◆ **Task to complete**: Look below for the line with "North Carolina Wildlife Resources Commission" and the line with "95 th Convocation"; repeat exactly those two lines and all lines between them, but no pictures.

Source data
● ● ● ● ●
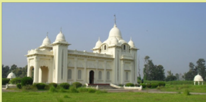
SHRINE OF OUR LADY OF DIVINE GRACE AT MOKAMA
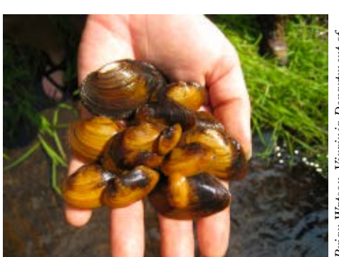
The endangered James spinymussel

North Carolina Wildlife Resources Commission
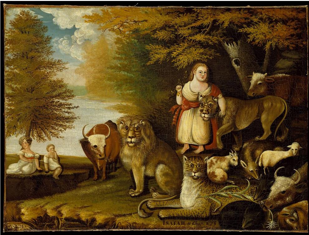
Peaceable Kingdom, Edward Hicks, 1830-32, Oil on Canvas, The Met Museum, NY

–Arundati Roy, Indian activist and writer
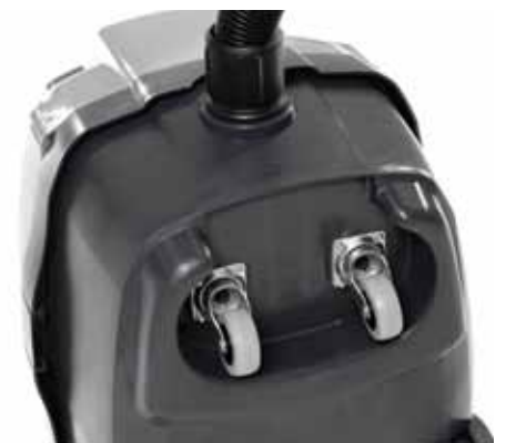
Large dust bag is designed for maximum filling The vacuum cleaner has 2 castors in the front for easy manoeuvring
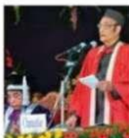
95 th Convocation – 2013 Hon'ble Chancellor of BHU Dr. Karan Singh
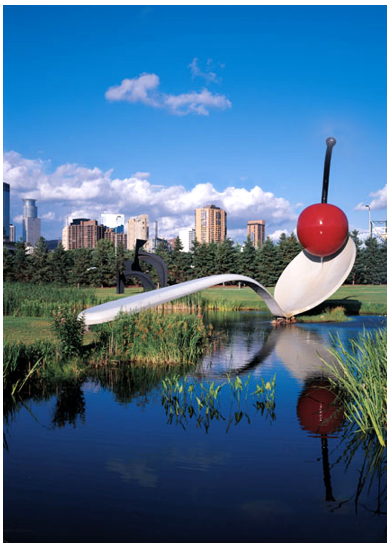
Spoonbridge and Cherry - Minneapolis Sculpture Garden, Walker Art Centre, Minneapolis (1988) by Claes Oldenburg and Coosje van Bruggen stainless steel and aluminium painted with polyurethane enamel (9 x 16 x 4 m)
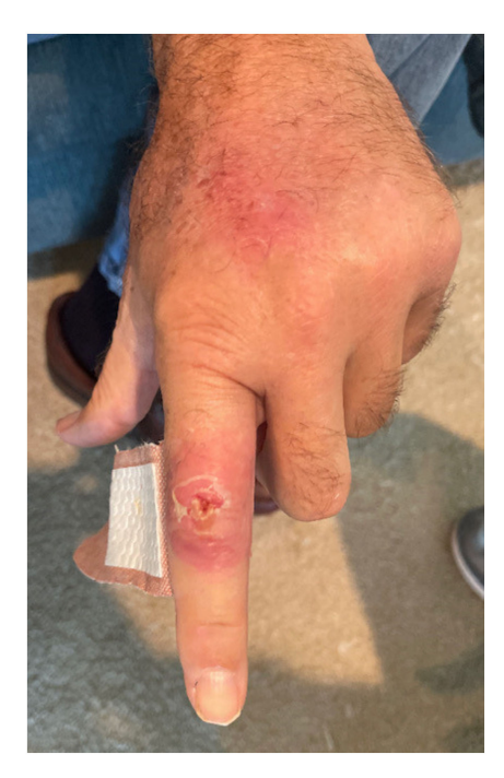
Figure 1. Redness and the swelling of the digit with infection spreading to the dorsum of the hand.

One week prior to ED presentation, the patient accidentally cut his left index finger with a kitchen knife while working on a pot with garden soil residue. Initially, he was evaluated by his primary care provider and was prescribed trimethoprim-sulfamethoxazole (Bactrim) 1 tablet 160/800 mg twice daily by mouth. Patient took the medication as prescribed for 2 days; however, the swelling and erythema began to spread up the dorsal aspect of the hand and he began noticing swollen lymph nodes in the forearm, elbow, and axilla (Figures 1–4). The patient did not have any fevers, chills, or any constitutional symptoms. Because of this clinical progression, he was re-evaluated by his primary care physician and treated with an intramuscular injection of 2 grams of ceftriaxone. He was instructed to stop Bactrim and to start doxycycline 100 mg by mouth two times a day. He took this regimen for 48 h, but due to worsening of the pain and swelling, presented to the ED for further evaluation.
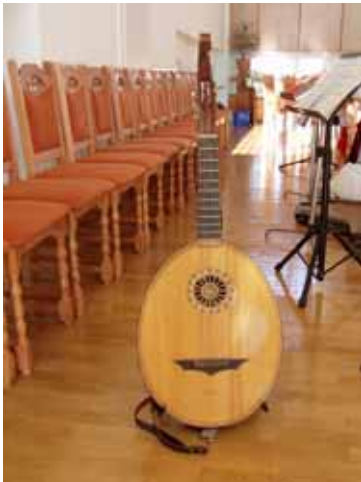
Six-string kobza used in the National Bandurists Cappella of Ukraine

Indeed, these instruments have found a place even in the National Bandurists Cappella of Ukraine, but not as equals. They were in back rows, and when bandura players would turn their instruments toward the audience during applause, the kobza players lowered their instruments, as if they were ashamed of them. At least that was the picture during the cappella’s Canadian tour in 1988.
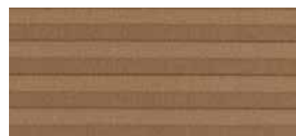
560-05 NOUGAT 25
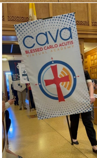
All Schools Mass – Jan. 29, 2025
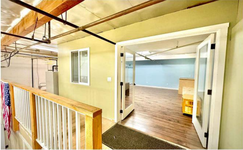
STETSON EARHART, INC. 260 Sheridan Avenue, Suite 130, Palo Alto, CA 94036
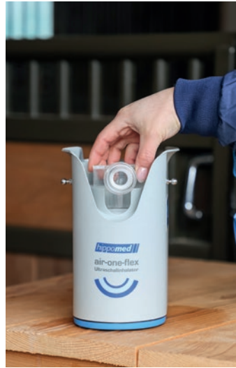
Fig. 3 Put on the nebulising chamber lid.
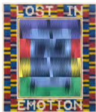
LOST IN EMOTION , 2020

Acrylic on hide, glass beads and artificial sinew inset into wood frame 34.5 x 28.875 inches 87.6 x 73.3 cm JeG 19319
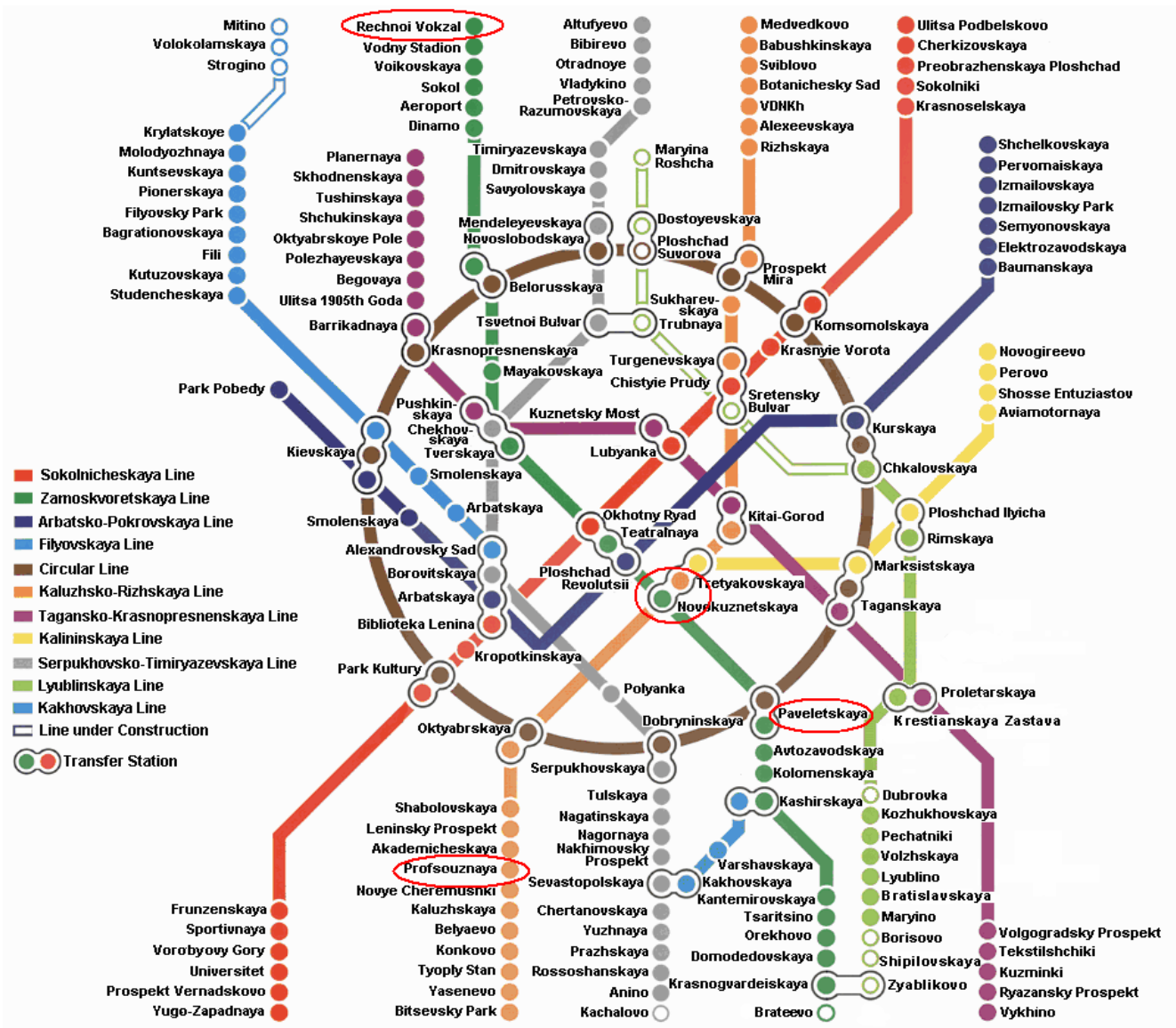
Map of Moscow metro
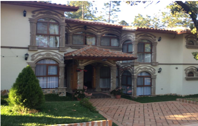
Figure 1: Front entrance to the Barbara Ford Peace Center Hotel
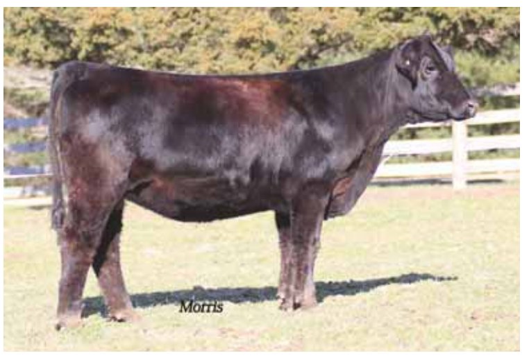
LOT 24 DPBN Thankful 087X
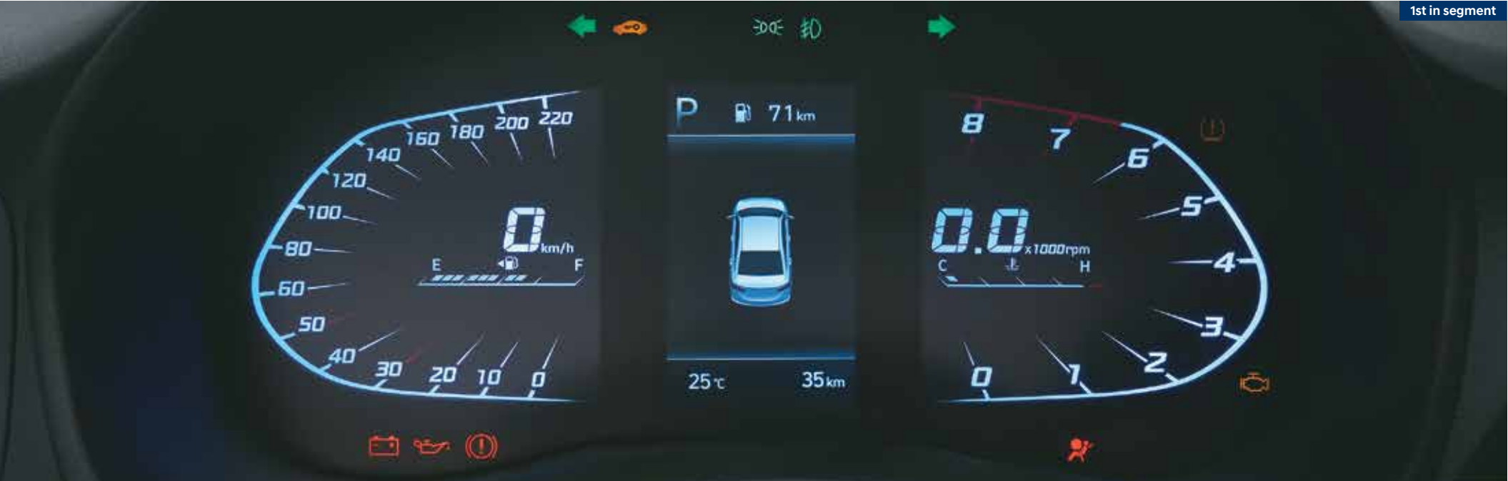
Digital cluster with 10.67 cm colour TFT MID

The spirited new VERNA has a ton of features customised to satisfy all your needs. The ingenious new smart trunk to pack all that you love without putting a finger on the boot. Front ventilated seats to keep you cool even in the hot Indian summer. An electric sunroof and a wireless charger to maximise quality time while travelling.
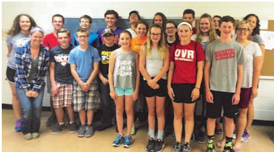
Zoar Youth along with youth from St. Mark's, BG and Epiphany Lutheran Church at Summer in the City.
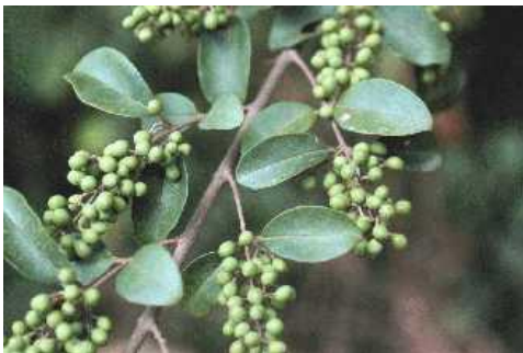
Leaves with developing fruit.

Chinese privet grows in a wide variety of habitats and can tolerate a wide range of soil and light conditions, but it grows best in mesic soils and abundant sunlight but can tolerate lower light conditions (Thomas 1980; Bailey & Bailey 1976). Few woody plants offer an easier test of gardeners' skills.
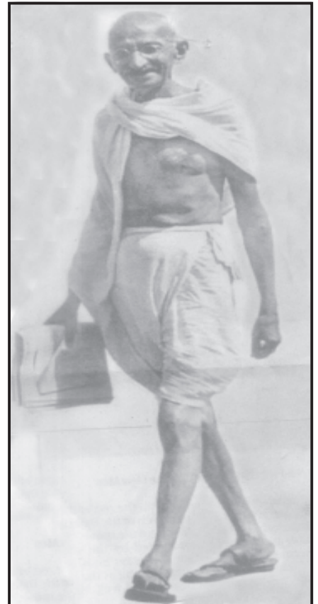
Gandhiji said "If I were the dictator for one hour, I will close all liquor shops without paying compensation"

It is gratifying that so many students have expressed their disgust about the fast spreading liquor consumption in Tamil Nadu, disproving the general view that prohibition has lost the battle in the state. Students said that the media and cinema are spreading a false image that most of the youth and several women take
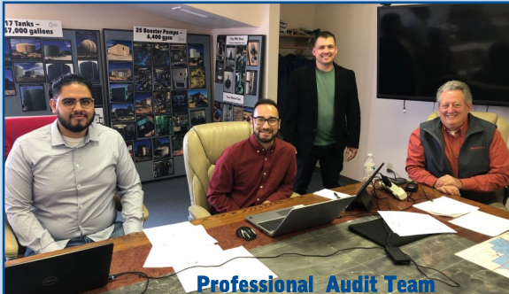
Professional Audit Team

assisting as they ask questions and test the accuracy of financials and our internal controls.
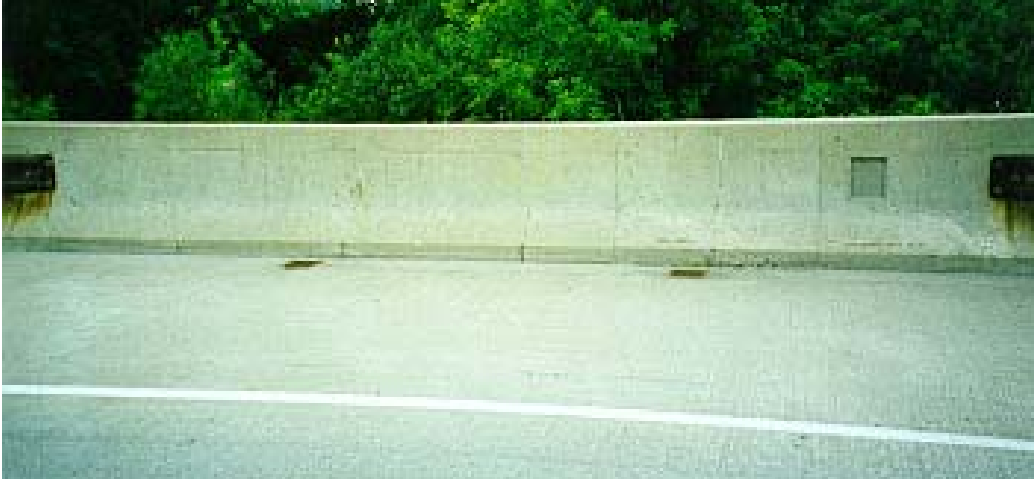
Figure 7: Typical New Jersey (Type 5) concrete barrier adopted in 1982.
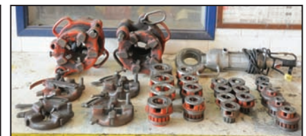
View of assorted pipe equipment available
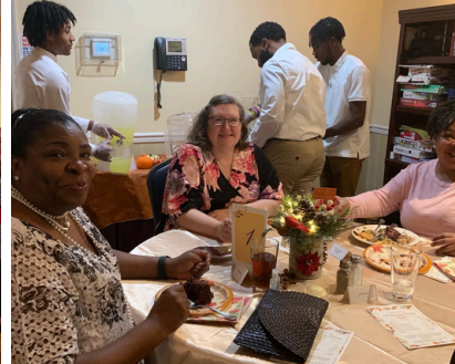
Residents & Staff at Thanksgiving
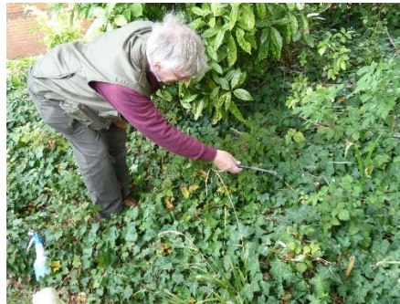
A garden spider is coaxed out

His electric toothbrush was demonstrated on a garden spider's web, and, hey presto, one appeared in the centre of the web. Our children experimented with his toothbrush and one coaxed the noble false widow out of its lair in a crack in the wall. A demonstration of the vacuum leaf extractor revealed money and sac spiders, a wolf spider and a nursery web spider.
● ● ● ● ●
◆ **Response below**:
North Carolina Wildlife Resources Commission
Peaceable Kingdom, Edward Hicks, 1830-32, Oil on Canvas, The Met Museum, NY

–Arundati Roy, Indian activist and writer
Large dust bag is designed for maximum filling The vacuum cleaner has 2 castors in the front for easy manoeuvring
95 th Convocation – 2013 Hon'ble Chancellor of BHU Dr. Karan Singh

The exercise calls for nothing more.